* Work task
Make an exact copy of the listing, without images.

* Supplied material
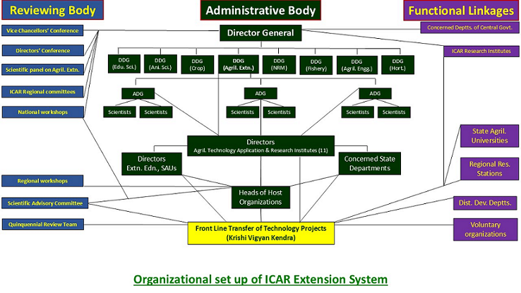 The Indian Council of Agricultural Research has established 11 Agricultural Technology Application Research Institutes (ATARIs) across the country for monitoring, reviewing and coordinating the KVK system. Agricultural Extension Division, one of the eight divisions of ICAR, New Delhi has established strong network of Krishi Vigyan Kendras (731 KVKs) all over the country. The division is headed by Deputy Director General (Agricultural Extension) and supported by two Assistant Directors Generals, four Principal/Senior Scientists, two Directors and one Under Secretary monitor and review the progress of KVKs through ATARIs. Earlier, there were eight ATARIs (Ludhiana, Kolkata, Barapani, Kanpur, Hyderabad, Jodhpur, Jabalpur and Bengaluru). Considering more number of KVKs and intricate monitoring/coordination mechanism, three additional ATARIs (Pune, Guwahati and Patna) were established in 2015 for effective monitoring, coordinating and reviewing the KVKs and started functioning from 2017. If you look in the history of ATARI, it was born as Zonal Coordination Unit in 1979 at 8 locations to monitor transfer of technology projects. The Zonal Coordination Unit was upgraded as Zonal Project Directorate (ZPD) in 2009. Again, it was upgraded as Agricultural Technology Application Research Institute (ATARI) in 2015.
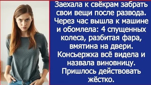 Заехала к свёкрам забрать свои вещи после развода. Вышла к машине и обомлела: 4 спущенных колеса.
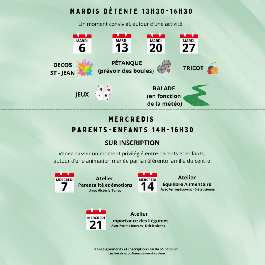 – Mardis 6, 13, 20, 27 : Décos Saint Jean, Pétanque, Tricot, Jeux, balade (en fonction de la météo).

* Exercise response
 The Indian Council of Agricultural Research has established 11 Agricultural Technology Application Research Institutes (ATARIs) across the country for monitoring, reviewing and coordinating the KVK system. Agricultural Extension Division, one of the eight divisions of ICAR, New Delhi has established strong network of Krishi Vigyan Kendras (731 KVKs) all over the country. The division is headed by Deputy Director General (Agricultural Extension) and supported by two Assistant Directors Generals, four Principal/Senior Scientists, two Directors and one Under Secretary monitor and review the progress of KVKs through ATARIs. Earlier, there were eight ATARIs (Ludhiana, Kolkata, Barapani, Kanpur, Hyderabad, Jodhpur, Jabalpur and Bengaluru). Considering more number of KVKs and intricate monitoring/coordination mechanism, three additional ATARIs (Pune, Guwahati and Patna) were established in 2015 for effective monitoring, coordinating and reviewing the KVKs and started functioning from 2017. If you look in the history of ATARI, it was born as Zonal Coordination Unit in 1979 at 8 locations to monitor transfer of technology projects. The Zonal Coordination Unit was upgraded as Zonal Project Directorate (ZPD) in 2009. Again, it was upgraded as Agricultural Technology Application Research Institute (ATARI) in 2015.
 Заехала к свёкрам забрать свои вещи после развода. Вышла к машине и обомлела: 4 спущенных колеса.
 – Mardis 6, 13, 20, 27 : Décos Saint Jean, Pétanque, Tricot, Jeux, balade (en fonction de la météo).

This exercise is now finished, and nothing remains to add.